2 . A production method according to claim 1 , wherein said solution contains a polymer.
3 . A production method according to claim 1 , wherein ΔT is varied from a higher value to a lower value in the bedewing step.
4 . A production method according to claim 1 , further comprising flowing a wet air near said casting film by a humidification device for the formation of said water droplets.
5 . A production method according to claim 1 , further comprising gradually increasing a temperature of said support from forming to evaporating said water droplets.
6 . A production method according to claim 5 , wherein a temperature of said support is increased at 0.005° C./sec or more.
7 . A production method according to claim 1 ,
wherein said amphiphilic compound is a low molecular compound and said organic solvent is a hydrophobic compound; and wherein said solution contains said organic solvent of 100 pts.wt., said polymer solution in the range of 0.02 pts.wt. to 20 pts.wt, and said amphiphilic compound in the range of 0.1% and 20% as weight ratio to said polymer.
8 . A production method according to claim 7 , wherein when the number of said hydrophilic group in said amphiphilic compound is described as M and the number of said hydrophobic group in said amphiphilic compound is described as N, a ratio of M/N is in the range of 0.1/9.9 to 4.5/5.5.
9 . A production method according to claim 1 , wherein a viscosity of said solution is in the range of 0.1 mPa·s to 50 mPa·s.
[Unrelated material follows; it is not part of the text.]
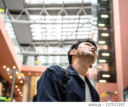 旅行中の男性、上を見上げる ■撮影協力:関西国際空港(KIX)
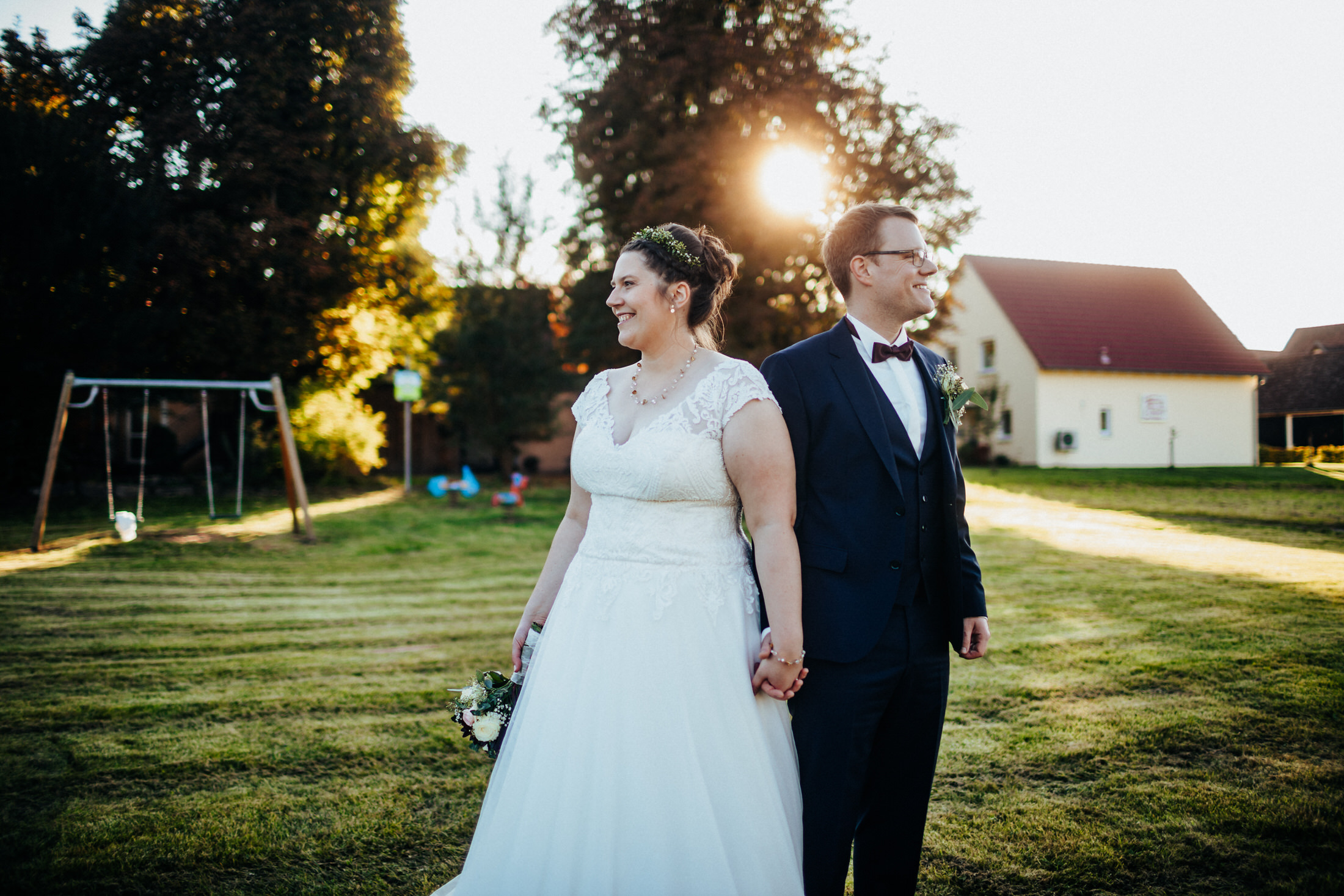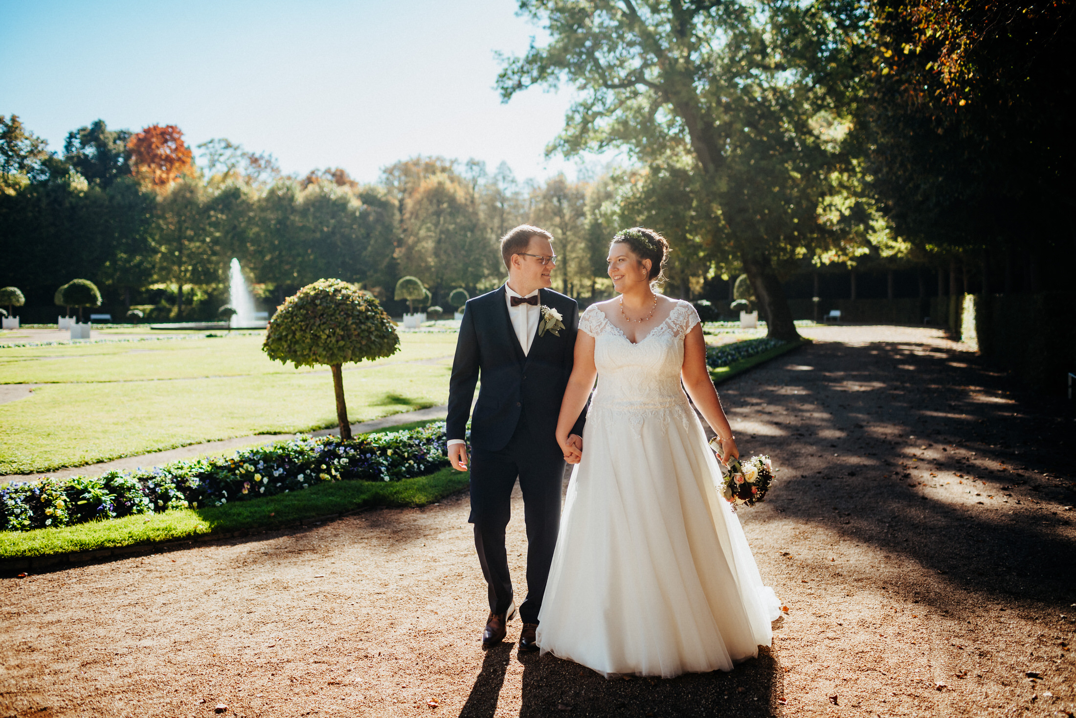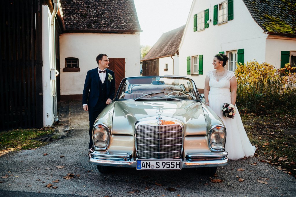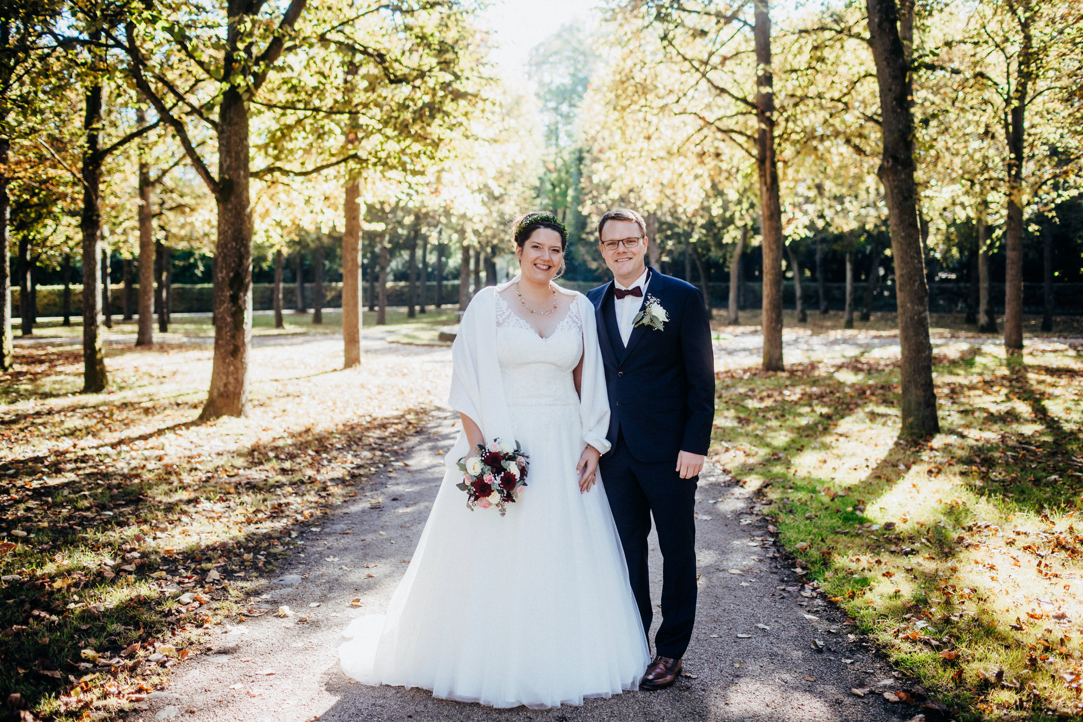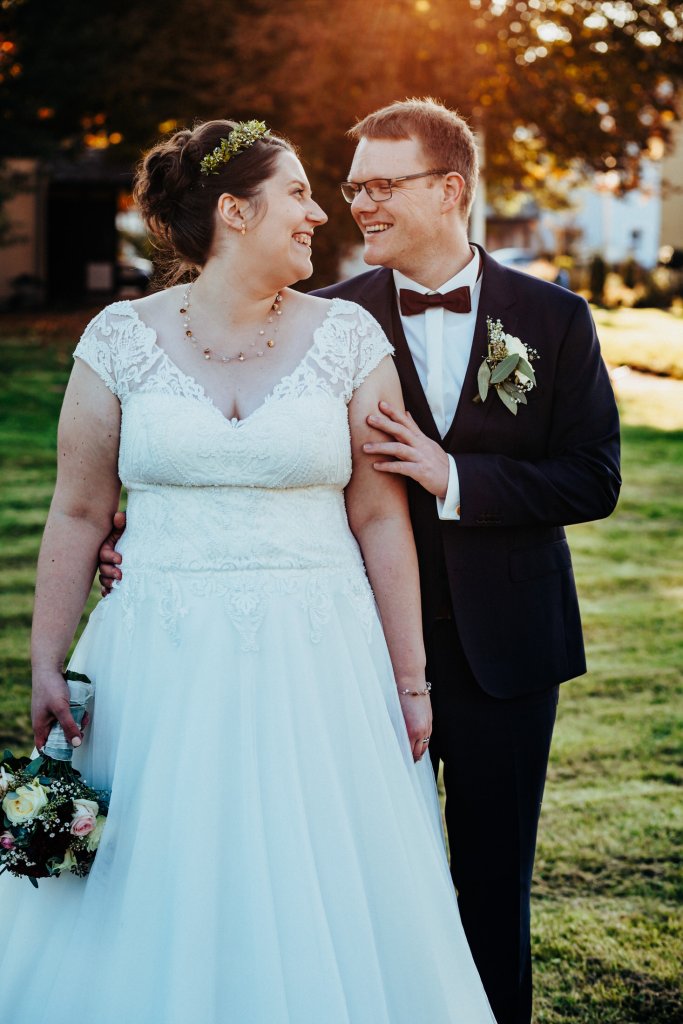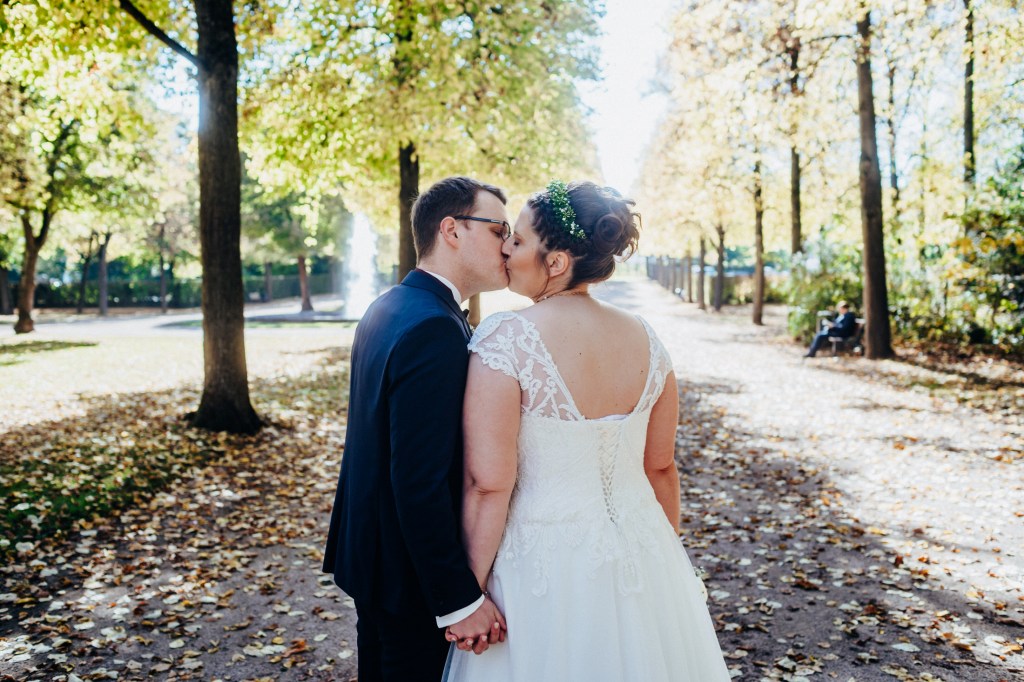 Ebenfalls im Oktober trauten sich Mira & Tobi. Für ihr Paarshooting vereinbarten wir einen First Look im Schlossgarten von Ansbach. Die beiden suchten sich dafür den perfekten Tag aus, weil die Sonne mit den beiden um die Wette strahlte. Anschließend ging es dann weiter in die St. Ludwig-Kirche für die Trauung. Nach dem Sektempfang und Kaffee & Kuchen im Pfarrzentrum fand die Feier dann im Landgasthof Schwarzes Ross in Wasserzell statt. Ein rundherum perfekter Tag!

10 . A production method according to claim 9 , wherein when the number of said hydrophilic group in said amphiphilic compound is described as M and the number of said hydrophobic group in said amphiphilic compound is described as N, a ratio of M/N is in the range of 0.1/9.9 to 4.5/5.5.
11 . A production method according to claim 1 ,
wherein the casting of said solution is continuously or intermittently made onto a running support; and wherein when a direction of a wind speed of said wet air is represented as a wind speed vector W and an imaginary plane includes a side edge of said support and is perpendicular to said support, an angle θ1 of an orthogonally projected vector Wxy on said imaginary plane to said support satisfy a condition 0°≦θ1<90°.
12 . A production method according to claim 11 ,
wherein a magnitude of a component of said wind speed vector W in a moving direction of said support is |Wy| and an average of said magnitude |Wy| is |Wy| avg , wherein a dispersion of said magnitude |Wy| through a width of said support is at most 20% of said average |Wy| avg .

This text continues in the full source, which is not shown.